Collection entries:
--

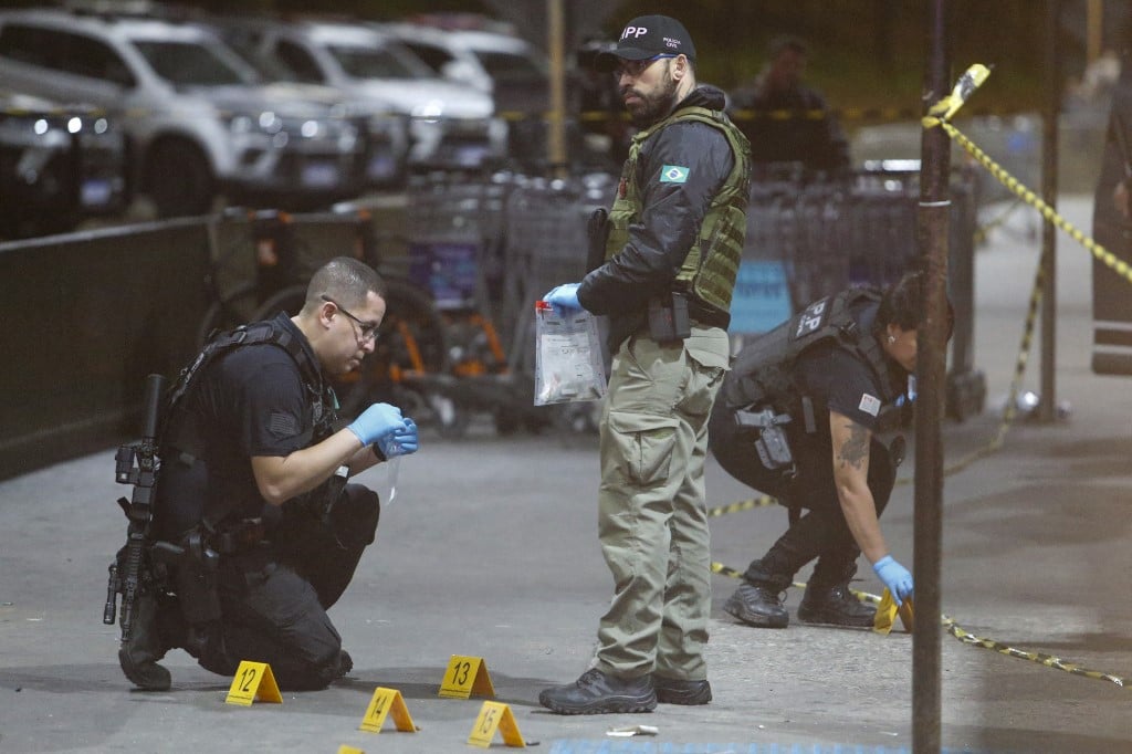 Agentes fazem a perícia após assassinato a tiros no Aeroporto de Guarulhos. Foto: Miguel Schincariol/AFP
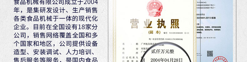 廣州旭眾食品機(jī)械有限公司是一家集科研開發(fā),生產(chǎn)設(shè)計,營銷服務(wù)為一體的現(xiàn)代化生產(chǎn)企業(yè)?,F(xiàn)代化生產(chǎn)車間,精湛制造技術(shù),所產(chǎn)機(jī)械歷經(jīng)市場重重考驗,不斷贏得海內(nèi)外客戶的贊譽(yù)。
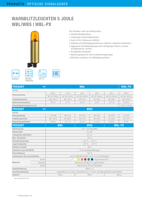 21003103000 Lampa migająca Pfannenberg WBL 230 AC YE żółty 230 V/AC
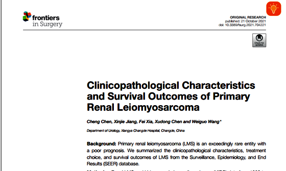 湘雅常德医院泌尿外科团队一篇研究性论文在国际知名期刊《Frontiers in surgery》(JCR 2区,IF:2.718)上发表,论文题目《Clinicopathological Characteristics and Survival Out...
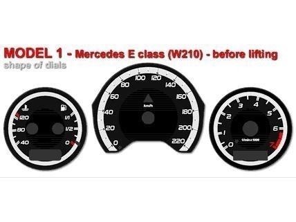 —Mercedes W210 E class 1995-1999 светящиеся шкалы приборов - накладки на циферблаты панели приборов, дизайн № 2
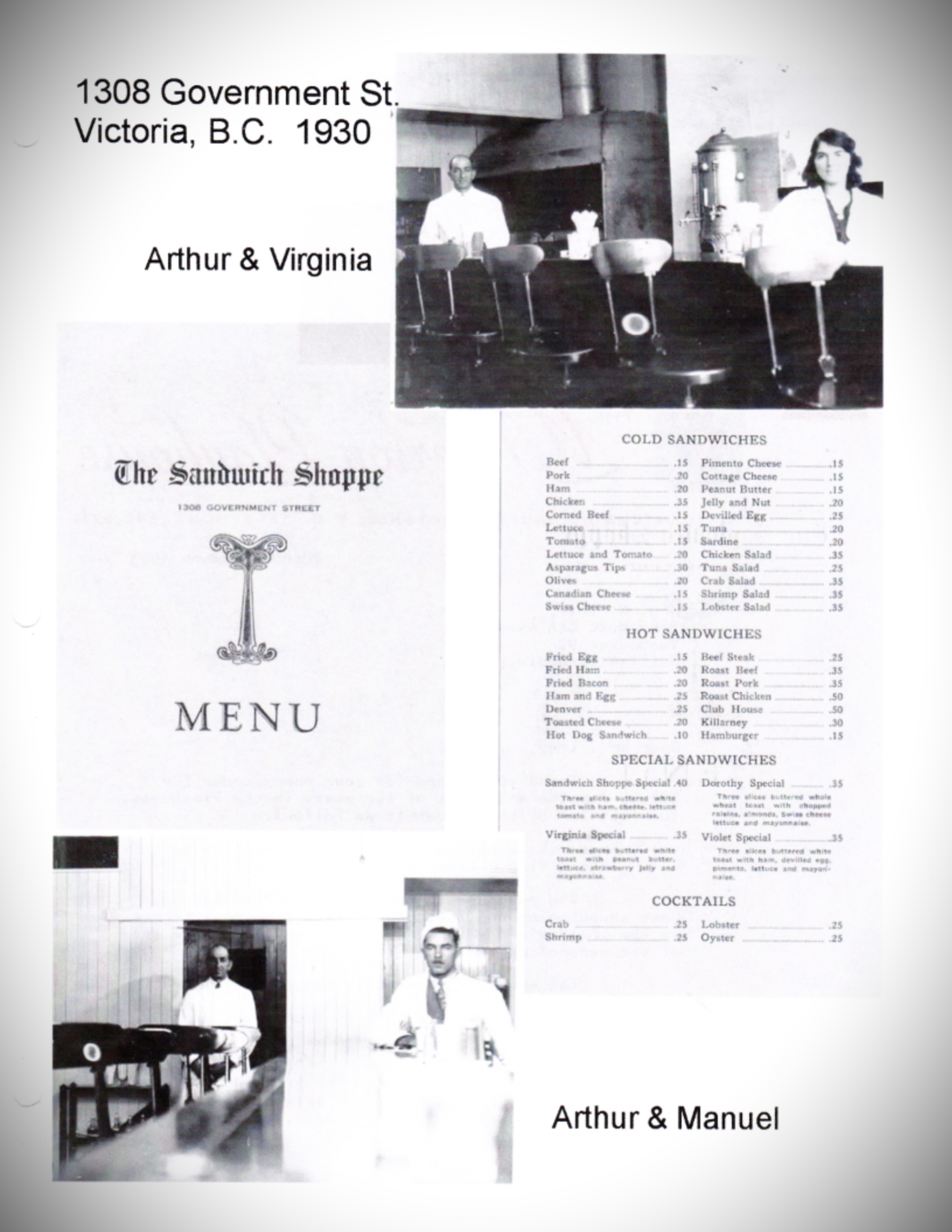 Arthur Levy was born in Seattle in 1885 to Henry Emanuel (H.E.) Levy and Eva Rostein Levy. The family moved to Victoria when Arthur was 4. Arthur Levy took over the infamous Levy’s Restaurant when his father retired. He closed the restaurant in 1914 and opened the Sandwich Shoppe which soon became a local hangout. Arthur named the daily specials after his family members.
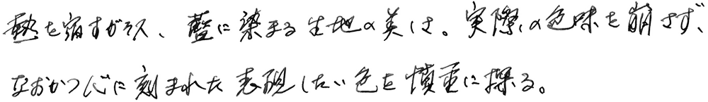 I looked for the colors which faithfully expressed my impressions, while retaining the original colors.
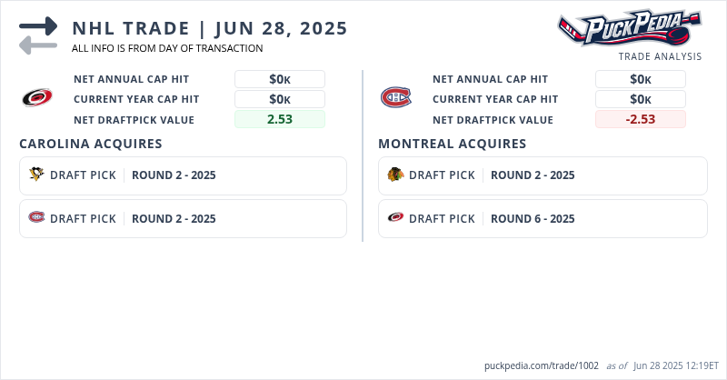 The Montreal Canadiens acquired a 2025 2nd round pick (#34) and a 2025 6th round pick (#189) from the Carolina Hurricanes for a 2025 2nd round pick (#41) and a 2025 2nd round pick (#49)
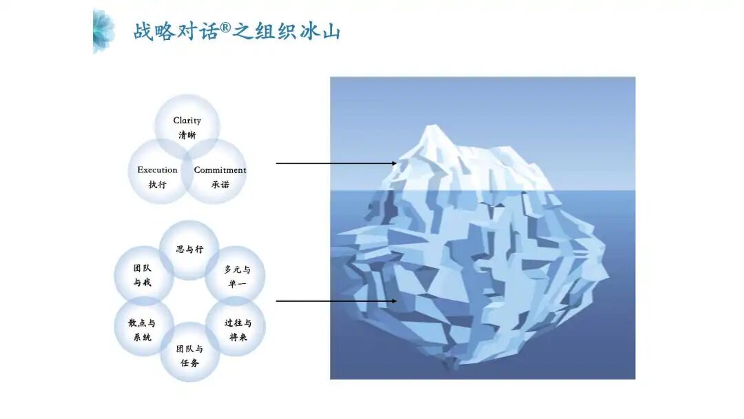 一家公司的战略升级和组织转型的清晰度、承诺度和执行力, 取决于每一个领导者自我认知和行为的跃迁、一个高管团队集体心智模式的察觉与进化和一个组织冰山下根本假设和身份标签的挪移。
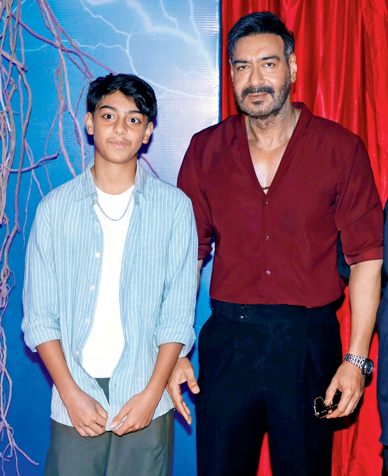 પોતાની આગામી માઇથોલૉજિકલ હૉરર ફિલ્મ ‘માં’નું ટ્રેલર લૉન્ચ કરવાની ઇવેન્ટમાં કાજોલ. દીકરો યુગ અને પતિ અજય દેવગન પણ આ પ્રસંગે હાજર હતા.
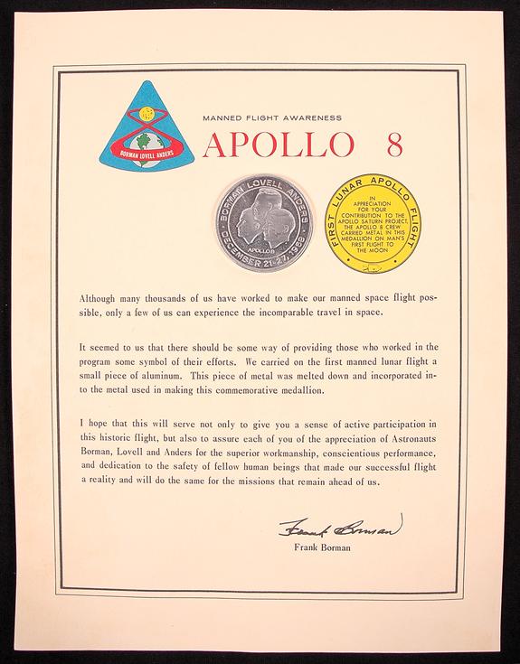 Apollo 8, 1968, FLOWN Manned Flight Awareness Medallion
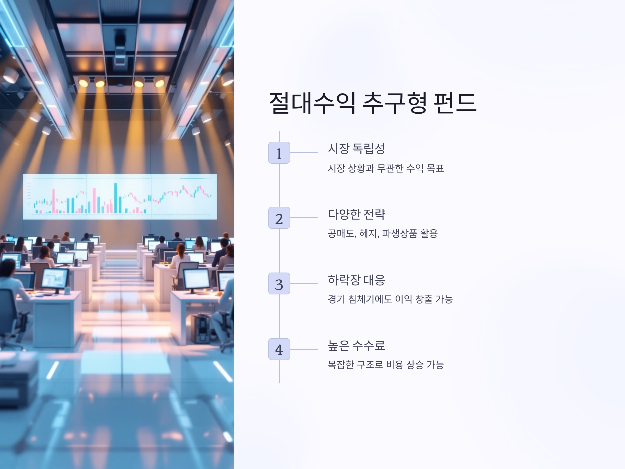절대수익 추구형 펀드는 시장 상황과 상관없이 일정 수준 이상의 수익을 목표로 하는 전략입니다. 공매도, 헤지, 파생상품 등을 활용해 하락장에서도 이익을 낼 수 있는 구조입니다. 글로벌 금융 위기나 경기 침체기에 빛을 발하는 전략으로, 리스크 관리와 분산 투자에 중점을 둡니다. 하지만 구조가 복잡하고 수수료가 높을 수 있어, 투자 전에 상품 설명서를 꼼꼼히 살펴보는 것이 중요합니다.

--

▶ [TASK DIRECTIONS] Reproduce the data above exactly, but only from the line containing "The Montreal Canadiens" through the line containing "Apollo 8, 1968, FLOWN". Omit all pictures.

▶ [TASK RESULT]
 The Montreal Canadiens acquired a 2025 2nd round pick (#34) and a 2025 6th round pick (#189) from the Carolina Hurricanes for a 2025 2nd round pick (#41) and a 2025 2nd round pick (#49)
 一家公司的战略升级和组织转型的清晰度、承诺度和执行力, 取决于每一个领导者自我认知和行为的跃迁、一个高管团队集体心智模式的察觉与进化和一个组织冰山下根本假设和身份标签的挪移。
 પોતાની આગામી માઇથોલૉજિકલ હૉરર ફિલ્મ ‘માં’નું ટ્રેલર લૉન્ચ કરવાની ઇવેન્ટમાં કાજોલ. દીકરો યુગ અને પતિ અજય દેવગન પણ આ પ્રસંગે હાજર હતા.
 Apollo 8, 1968, FLOWN Manned Flight Awareness Medallion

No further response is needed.